Webconverger's curated chroot from which updates originate
https://webconverger.org/upgrade/
73 stars 37 forks source link

Kernel panic / hang when creating files in tmpfs #118

Open kbarek opened 11 years ago

kbarek commented 11 years ago

To reproduce the problem:

1) Boot Webconverger (tested with 16.0 and 16.0-1-g42a8fb1) in debug mode 2) Run

dd if=/dev/zero of=/home/webc/testfile1 bs=512k count=100 # works OK dd if=/dev/zero of=/home/webc/testfile2 bs=512k count=100 # works OK dd if=/dev/zero of=/home/webc/testfile3 bs=512k count=100 # hang / kernel panic ("attempting to kill init")

There should be more than enough room to create the last file (in my case 132MB available after testfile2 was written).

This bug was initially discovered because of a Java applet that wrote to the /home/webc/.java directory and caused a kernel panic.
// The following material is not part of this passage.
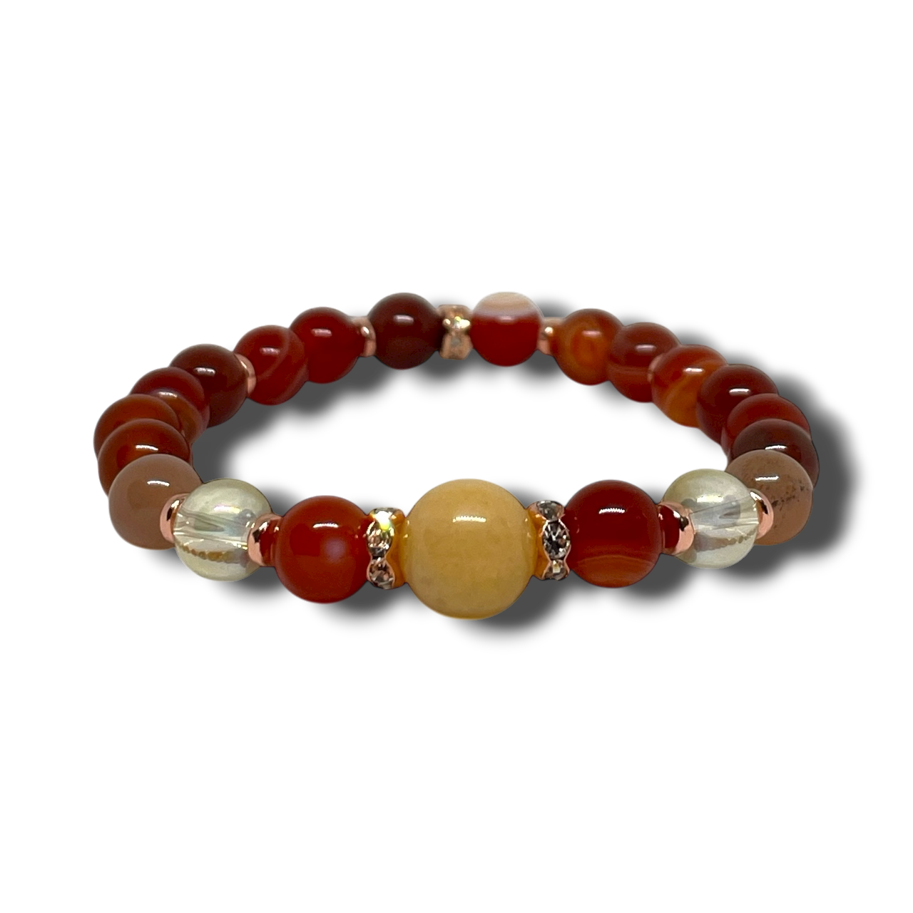 Az Ásványbarlang legújabb karkötője egy igazán különleges kombinációt kínál: a tisztaságot hordozó hegyikristály, az életerőt sugárzó karneol, a ragyogóan fénylő arany és angyal aura kvarc, a női energiákat erősítő barna holdkő, valamint a stílusos csillogású rosegold hematit egyesül benne. Ez a kézzel készült karkötő egyszerre modern, elegáns és spirituális kiegészítő.

After mounting a new tmpfs at /home/webc/.java, the problem disappeared. I'm not sure why the Java applet caused a problem, since it only wrote about 0.3MB to the filesystem, but at least the code above will recreate the problem.

matthijskooijman commented 11 years ago

Just as another datapoint: I was recently debugging a Flash video player application that filled up /tmp with a downloaded video file. When /tmp was full, the Flash player simply stopped playing the video, nothing crashed. In this case, the RAM was not fully exhausted yet, since tmpfs defaults to a size of half the physical RAM (and the other half was enough for the rest of the system). This might be different when the physical RAM is smaller (< 2GB).

Alternatively, the difference might be that filling up /home or / (which I think is a different tmpfs from /tmp) does break the system?

kbarek commented 11 years ago

With some more testing, I have discovered that this is triggered by an out-of-memory condition caused by copying data into the tmpfs. The OOM killer will then randomly kill processes and at some point probably kills an essential task.

The system I've tested with doesn't have more than 512MB of memory, and that combined with no swap makes probably forces this to happen. This might also explain why the bug was triggered more easily while running Java applets (a memory hog).

To avoid essential processes getting killed, I can run something like this before the X environment starts:

for i in /proc/[0-9]*
do
  if [ "`cat $i/cmdline`" ]
  then
    echo -17 >  $i/oom_adj
  fi
done

This will exempt all the running processes from OOM killing, leaving the OOM to kill the X server, firefox, java or whatever other plugin process may be running. If killing these isn't enough to free memory, we probably have more serious problems anyway that needs fixing, and the end result will still be the same in any case (a kernel panic).

kaihendry commented 11 years ago

This is interesting, since I'm trying to get to the bottom of understanding the OOM with https://github.com/Webconverger/webc/issues/83 and I'm not getting very far.

Be good if we can limit the killing just to the firefox process which is controlled by a loop so it can restart, and should hopefully flush the memory taken by java/flash etc. etc.

The experts live upon http://linux-mm.org/LinuxMM I think...